Around 11pm, I saw him staring at the wall. I asked if he was okay, and the look of grief took over his young face.
"I'm just... I'm just... I don't know, Mommy."
I held his hand and promised he could tell me anything. Then I asked him if he heard things today that might have upset him (which I was praying was not the case. I was not prepared to have this conversation, because I haven't even wrapped my own brain and emotions around it). Renn's eyes looked straight down. They were distant and full of fear.
"I'm sad, Mommy. I don't like to see you cry."
Lord, thank you for giving me a child with such a tender heart.
So, I cuddled with him. I laid in that stupid hospital bed, breaking all the PICU rules, and I held my wise Jedi. He shouldn't be concerned about ME. I assured him that I was crying because I love him more than anything. I was honest with how angry I am that this is happening to him. But we both agreed that God was running the show. And with that (and a couple sips of milk), he fell asleep.
Two hours later, we were faced with having to give him a new IV. Luckily, we had an incredible nurse who thought it best to let him sleep until he absolutely NEEDED his antibiotic. So, at 3:45am, we just made it happen. Not. Fun. It took only two tries this time, and he handled it with more grace than I wanted to.
At 7am, we were whisked off to pre-op, awaiting his 7:30am surgery to remove the electrode strips. Dr. Incredi-Genius greeted us with some lovely, hilarious jokes, and just like that I was walking him into the OR. I got to be with him when he fell asleep. I looked each one of the nurses and neuro assistants in the eyes, and knew God's angels were looking back at me.
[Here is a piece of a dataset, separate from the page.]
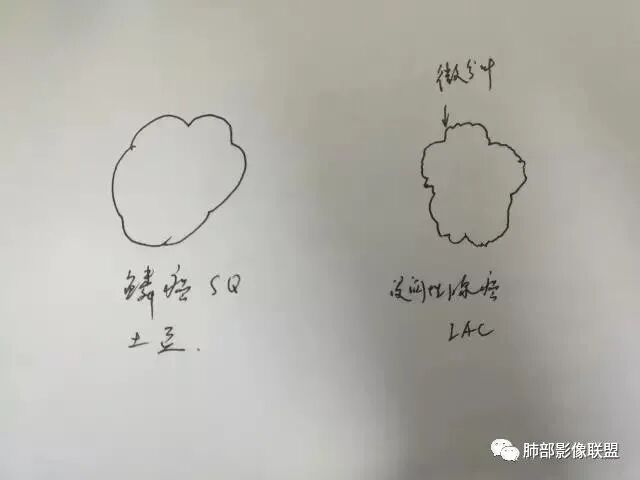 与普通腺癌的差别:分叶明显,每一个分叶表面相对较圆顿,不像肺腺癌分叶表面有微分叶或棘突;

Within a couple hours, Renn was back in his room in the PICU safe and sound. He woke pretty easily, and immediately wanted to take this picture for Daddy. He said, "I want Daddy to see that I'm okay and happy."
We played, we got excited about going home, and then Dr. Genius walked in and he and I discussed more and more about what's to come. And you know what I realized?
We asked for prayer about this whole surgery.
We asked that our family and friends pray that the discharges causing the seizures were coming from ONE side.
We asked for prayer about this whole surgery.
We asked that our family and friends pray that the discharges causing the seizures were coming from ONE side.
And you see, despite what is happening next, God answered that prayer.
Now we need to determine if the discharges are starting in the Frontal lobe or the Temporal lobe. We went over all the options. We discussed all the side effects, possibilities, pros, and cons. I can't say that I feel at total peace with this decision... yet. But, I can clearly see that God gave us what we asked for. So maybe, just maybe there's hope in this. Maybe we aren't making a bad choice. Maybe God is showing us that this was His plan. I'm still not so sure, but I acknowledge that I have a little over a month to enjoy each and every moment with my boy. My Jedi. Then, October will come and change our lives forever...
So now, I pray for peace. Tomorrow is another sunrise, another chance to wake up in a hospital that has running water, sterile equipment, and the most up-to-date technology, and it's another day that I get to see all the gifts God has given us. And best of all, tomorrow...
...we go home.
Peace I leave with you; my peace I give to you. Not as the world gives do I give to you. Let not your hearts be troubled, neither let them be afraid.